Wonder Boys - Michael Chabon [19]
The overcoat was a trademark of his. It was an impermeable thrift-shop special with a plaid flannel lining and wide lapels, and it looked as though it had been trying for many years to keep the rain off the stooped shoulders of a long series of hard cases, drifters, and ordinary bums. It emitted an odor of bus station so desolate that just standing next to him you could feel your luck changing for the worse.

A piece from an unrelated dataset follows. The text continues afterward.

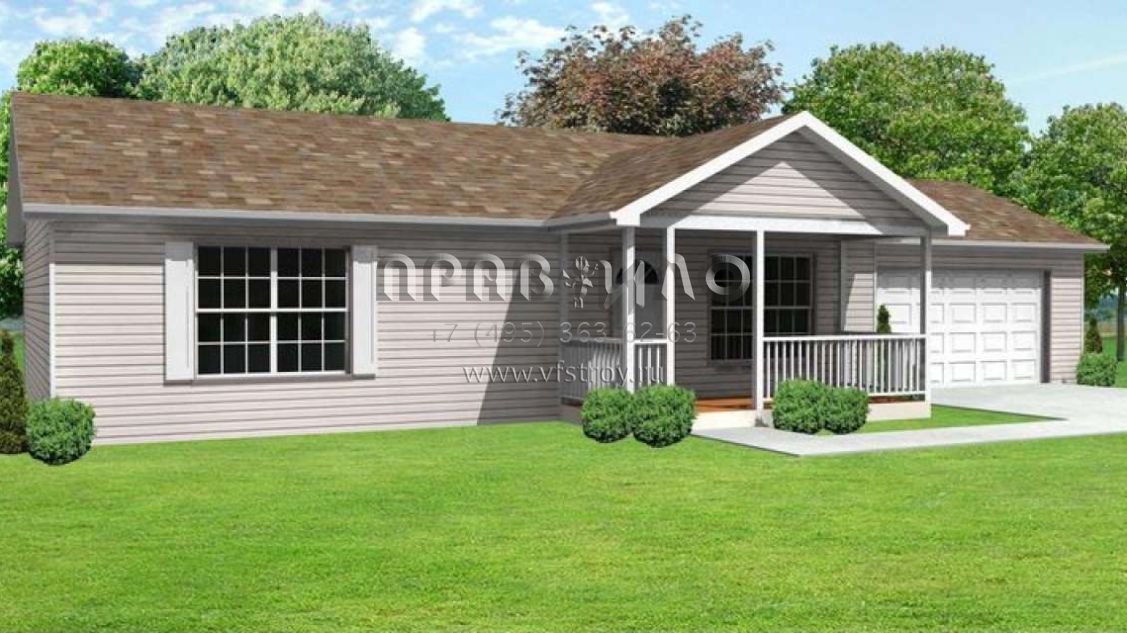 Это проект одноэтажного дома с гаражом на две машины жилой площадью 99 кв.м. Длина дома 8.5 м, ширина 18.3 м, высота 4.6 м. В доме три спальни и один санузел.

“I’m not supposed to be here, in case you were wondering,” he said. He shifted his shoulders under the weight of the knapsack he carried, and looked me in the eye for the first time. James Leer was a handsome kid; he had eyes that were large and dark and always seemed to shine with tears, a straight nose, a clear complexion, red lips; but there was something blurry and indeterminate about his features, as though he were still in the process of deciding what kind of a face he wanted to have. In the soft light radiating from the Gaskells’ house he looked painfully young. “I crashed. I came with Hannah Green.”

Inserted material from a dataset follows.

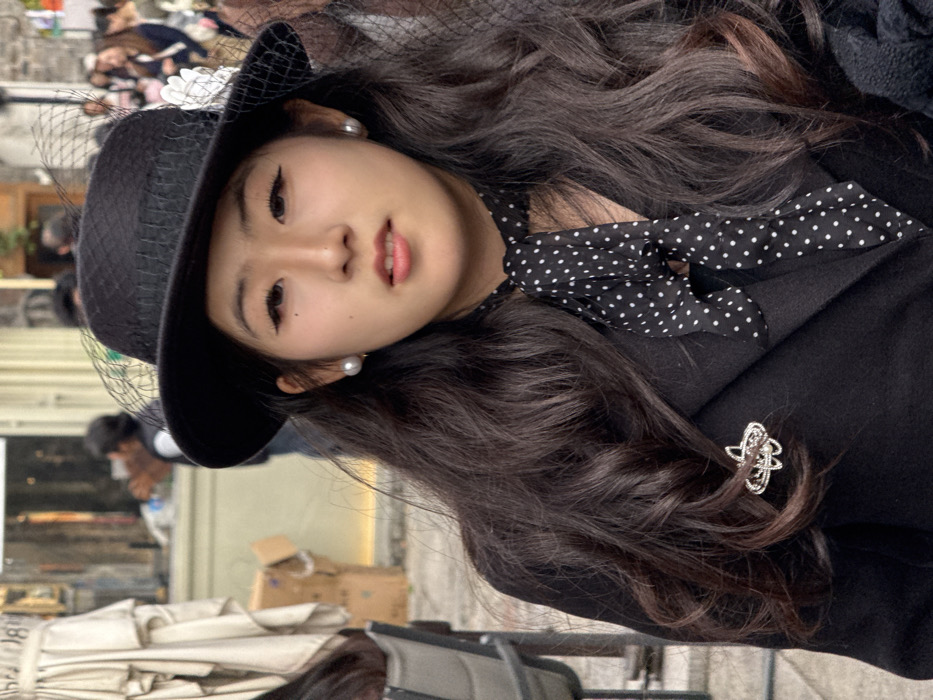 A young East Asian female is positioned centrally, facing directly towards the viewer with a neutral expression and slightly parted lips. She wears a black, wide-brimmed hat featuring a black mesh veil and a white floral embellishment on the right side. Her dark, wavy hair extends over her shoulders. She has pearl stud earrings in both ears, and her eyes are accentuated with dark eyeliner. Her attire includes a black coat, over which a black scarf with white polka dots is tied at the neck. A silver-toned, ornate brooch is pinned to the left lapel of her coat. The background depicts an urban street scene in daylight. To the left, a light-colored, folded canvas umbrella structure is visible, alongside a partially visible grey outdoor chair and a brown cardboard box. Further in the background, a light-colored building facade with indistinct features and a dark doorway is present. Other blurred figures, including one partially visible male in a white vest, are discernible in the middle ground, indicating a public area. Additional blurred figures are visible in the distance to the right, suggesting a moderate crowd. The scene is located in Qinhuai District, China.

“That’s all right,” I said. Hannah Green was the most brilliant writer in the department. She was twenty years old, very pretty, and had already published two stories in The Paris Review. Her style was plain and poetic as rain on a daisy—she was particularly gifted at the description of empty land and horses. She lived in the basement of my house for a hundred dollars a month, and I was desperately in love with her. “You can say I invited you. I ought to have, anyway.”
“What are you doing out here?”
“I was about to smoke a joint, as a matter of fact. Would you care to join me?”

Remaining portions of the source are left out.